As a trivial example, I show how I might tackle simplifying all the Sinand Cos terms in an expression.

example =
Sin[x^2 + 2 x + 1] + Sin[x^3 + 3 x^2 + 3 x + 1] Sin[x^2 + 2 x + 1]
(* Sin[1 + 2 x + x^2] + Sin[1 + 2 x + x^2] Sin[1 + 3 x + 3 x^2 + x^3] *)

Cases[example, _Sin | _Cos, ∞] // Union
(* {Sin[1 + 2 x + x^2], Sin[1 + 3 x + 3 x^2 + x^3]} *)

Simplify[%]
(* {Sin[(1 + x)^2], Sin[(1 + x)^3]} *)

(* Sin[(1 + x)^2] + Sin[(1 + x)^2] Sin[(1 + x)^3] *)

LeafCount /@ {example, %}
(* {34, 20} *)

• Thanks for the reply. I've also updated my question with more concrete questions, btw! I've certainly done much / all of this to lead up to the expression I have now. Could you elaborate a bit more using ComplexExpand wisely please? Given my context of having lots of complex exponentials and that the end result must be real, I wonder if this is the right "inducative bias". Just a FYI, this is a physics problem so I've already solved the simpler case where v=0 and phi=pi/2. I am trying to generalise my result, but it's hard to say whether this additional freedom is going to cost me. Commented Apr 2 at 14:11

In the Wolfram Language, FullSimplify is a powerful function used to simplify complex expressions, but it may encounter difficulties in simplifying expressions involving exponential functions (Exp) and complex numbers. Here are some common problems you might encounter and some strategies to address them:

1. Simplification with Complex Numbers:

FullSimplify[Exp[I x], x ∈ Reals]


In this case, you might expect the result to simplify to Cos[x] + I Sin[x]. However, FullSimplify might not always recognize this simplification, especially if the assumption about x being real is not explicitly provided.

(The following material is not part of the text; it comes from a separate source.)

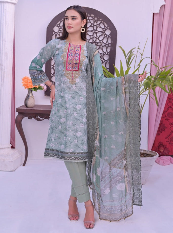 DIGITAL PRINTED STRIPE EMBROIDERED SHIRT. DIGITAL PRINTED BAMBER CHIFFON CHIKANKARI CUTWORK DUPATTA PLAIN DYED TROUSER.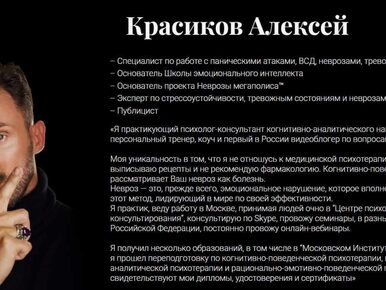 Основной онлайн-курс Алексея Красикова по управлению эмоциями и развитию стрессоустойчивости 21 сезон — это основной онлайн-курс Алексея Красикова по управлению эмоциями и развитию стрессоустойчивости. Основная цель этой онлайн-программы состоит в том, чтобы обучить навыкам осознания своих эмоций и

To address this, you can use assumptions or provide additional transformation rules:

FullSimplify[Exp[I x], x ∈ Reals, TransformationFunctions -> {Automatic, TrigReduce}]

2. Simplification involving Exponential Functions:

FullSimplify[Exp[x] Exp[y], x > 0 && y > 0]


In this case, you might expect the result to simplify to Exp[x + y]. However, FullSimplify may not always perform this simplification automatically.

One approach is to use transformation rules explicitly:

FullSimplify[Exp[x] Exp[y], x > 0 && y > 0, TransformationFunctions -> {Automatic, # /. Exp[a_] Exp[b_] :> Exp[a + b] &}]

3. Handling Complex Conjugates:

FullSimplify[Conjugate[Exp[I x]], x ∈ Reals]


You might expect the result to simplify to Exp[-I x], but FullSimplify may not recognize this simplification directly.

One way to handle this is to use ComplexExpand before simplification:

FullSimplify[ComplexExpand[Conjugate[Exp[I x]]], x ∈ Reals]

4. Involving Special Functions: FullSimplify may struggle with simplifications involving special functions like Gamma, Beta, etc., especially when combined with exponentials and complex numbers.

In such cases, it's helpful to provide specific assumptions and use appropriate transformation functions tailored to your problem domain.

Overall, when dealing with complex expressions involving exponentials and complex numbers in the Wolfram Language, it's essential to carefully set assumptions and use transformation functions to guide FullSimplify to the desired results. Additionally, sometimes a combination of manual simplifications and transformation rules might be necessary to achieve the desired simplification.